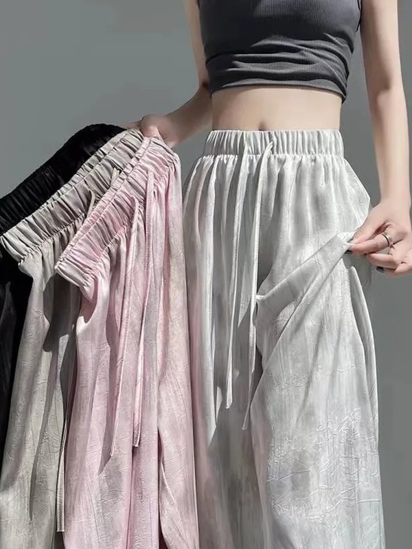 夏の薄いタイプの氷糸のサテンの水墨画は広くて足のズボンの女性を染めます。
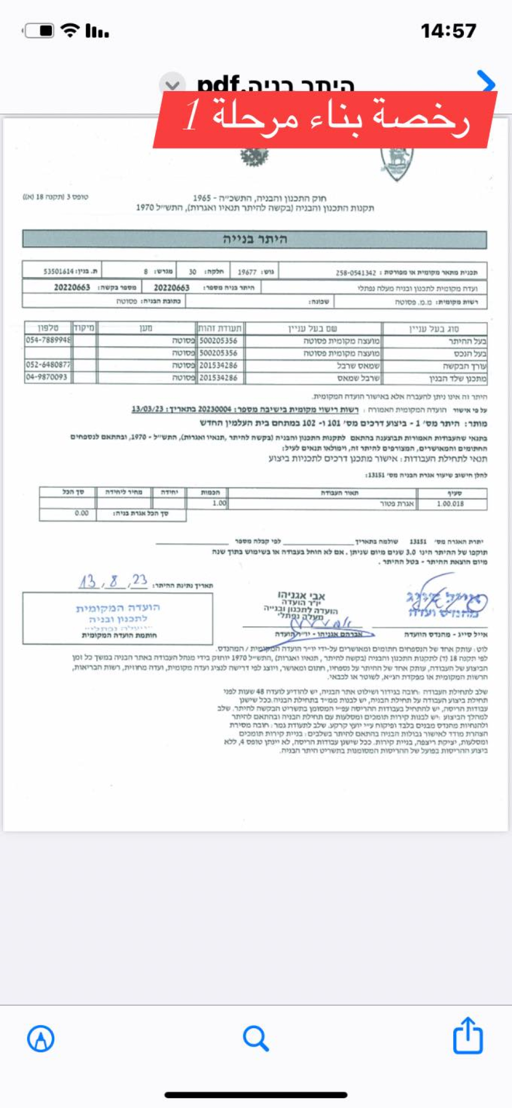 بعد ذلك كان بالامكان التوجه للجنة التنظيم المحلية للحصول على رخصة بناء، وفعلا تم الحصول في الاسابيع الاخيرة على رخصة بناء لتنفيذ الجزء الاول من اعمال التطوير
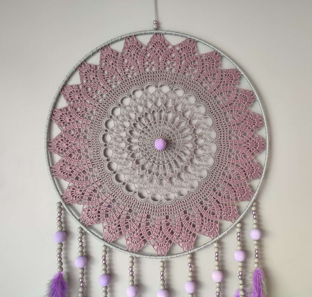 Základní kovový kruh má průměr 40 cm. Je vyplněn ručně háčkovanou krajkou z velmi kvalitní příze 50% bavlna a 50% polyakryl od českého výrobce. Tato příze je postupně stínovaná s dlouhými barevnými přechody a barva postupuje od středu od šedé až fialovou na okraji. Na kruhu je na dřevěných a umělohmotných korálcích zavěšeno fialové a šedé pštrosí peří.

- What you will do -
Give the data again exactly as it appears, but without any images.

- Result below -
 夏の薄いタイプの氷糸のサテンの水墨画は広くて足のズボンの女性を染めます。
 بعد ذلك كان بالامكان التوجه للجنة التنظيم المحلية للحصول على رخصة بناء، وفعلا تم الحصول في الاسابيع الاخيرة على رخصة بناء لتنفيذ الجزء الاول من اعمال التطوير
 Základní kovový kruh má průměr 40 cm. Je vyplněn ručně háčkovanou krajkou z velmi kvalitní příze 50% bavlna a 50% polyakryl od českého výrobce. Tato příze je postupně stínovaná s dlouhými barevnými přechody a barva postupuje od středu od šedé až fialovou na okraji. Na kruhu je na dřevěných a umělohmotných korálcích zavěšeno fialové a šedé pštrosí peří.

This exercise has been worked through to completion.